▶ Task directions
Check each line of the listing for the string "Dagon". Copy those where it appears.

---- Provided entries

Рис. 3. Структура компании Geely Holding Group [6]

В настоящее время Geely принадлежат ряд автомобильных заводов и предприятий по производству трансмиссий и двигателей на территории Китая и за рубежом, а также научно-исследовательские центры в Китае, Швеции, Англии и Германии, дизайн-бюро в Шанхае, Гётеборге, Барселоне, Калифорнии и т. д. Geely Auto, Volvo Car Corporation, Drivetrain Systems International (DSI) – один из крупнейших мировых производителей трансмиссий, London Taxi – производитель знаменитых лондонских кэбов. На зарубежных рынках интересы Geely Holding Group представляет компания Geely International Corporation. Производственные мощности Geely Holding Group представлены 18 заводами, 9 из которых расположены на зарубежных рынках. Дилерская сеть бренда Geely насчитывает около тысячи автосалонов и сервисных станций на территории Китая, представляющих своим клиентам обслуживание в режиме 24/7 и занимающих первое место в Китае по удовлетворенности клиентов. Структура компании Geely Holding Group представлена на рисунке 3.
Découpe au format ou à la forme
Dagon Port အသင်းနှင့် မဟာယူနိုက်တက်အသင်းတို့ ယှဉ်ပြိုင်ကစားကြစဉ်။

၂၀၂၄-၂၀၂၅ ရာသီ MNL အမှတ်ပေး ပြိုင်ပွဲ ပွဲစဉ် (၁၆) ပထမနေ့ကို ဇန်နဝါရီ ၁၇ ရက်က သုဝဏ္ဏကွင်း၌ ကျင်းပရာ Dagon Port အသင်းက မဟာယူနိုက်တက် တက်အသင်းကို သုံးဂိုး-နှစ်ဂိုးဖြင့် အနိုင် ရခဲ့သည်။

--------
---- Provided entries

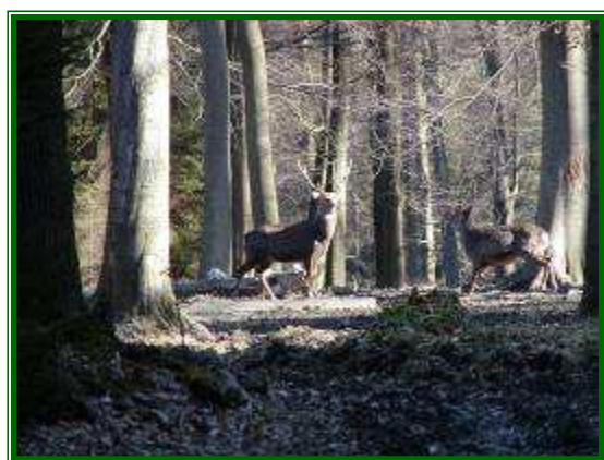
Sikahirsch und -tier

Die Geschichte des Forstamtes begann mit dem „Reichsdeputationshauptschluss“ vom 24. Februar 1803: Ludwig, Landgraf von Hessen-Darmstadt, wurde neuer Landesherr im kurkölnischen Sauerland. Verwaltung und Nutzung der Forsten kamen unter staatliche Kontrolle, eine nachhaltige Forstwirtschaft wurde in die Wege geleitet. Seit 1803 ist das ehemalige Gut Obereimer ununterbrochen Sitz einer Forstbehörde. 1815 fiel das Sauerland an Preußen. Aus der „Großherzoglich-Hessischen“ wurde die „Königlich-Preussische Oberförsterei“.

--------

▶ Reply to the exercise
Dagon Port အသင်းနှင့် မဟာယူနိုက်တက်အသင်းတို့ ယှဉ်ပြိုင်ကစားကြစဉ်။
၂၀၂၄-၂၀၂၅ ရာသီ MNL အမှတ်ပေး ပြိုင်ပွဲ ပွဲစဉ် (၁၆) ပထမနေ့ကို ဇန်နဝါရီ ၁၇ ရက်က သုဝဏ္ဏကွင်း၌ ကျင်းပရာ Dagon Port အသင်းက မဟာယူနိုက်တက် တက်အသင်းကို သုံးဂိုး-နှစ်ဂိုးဖြင့် အနိုင် ရခဲ့သည်။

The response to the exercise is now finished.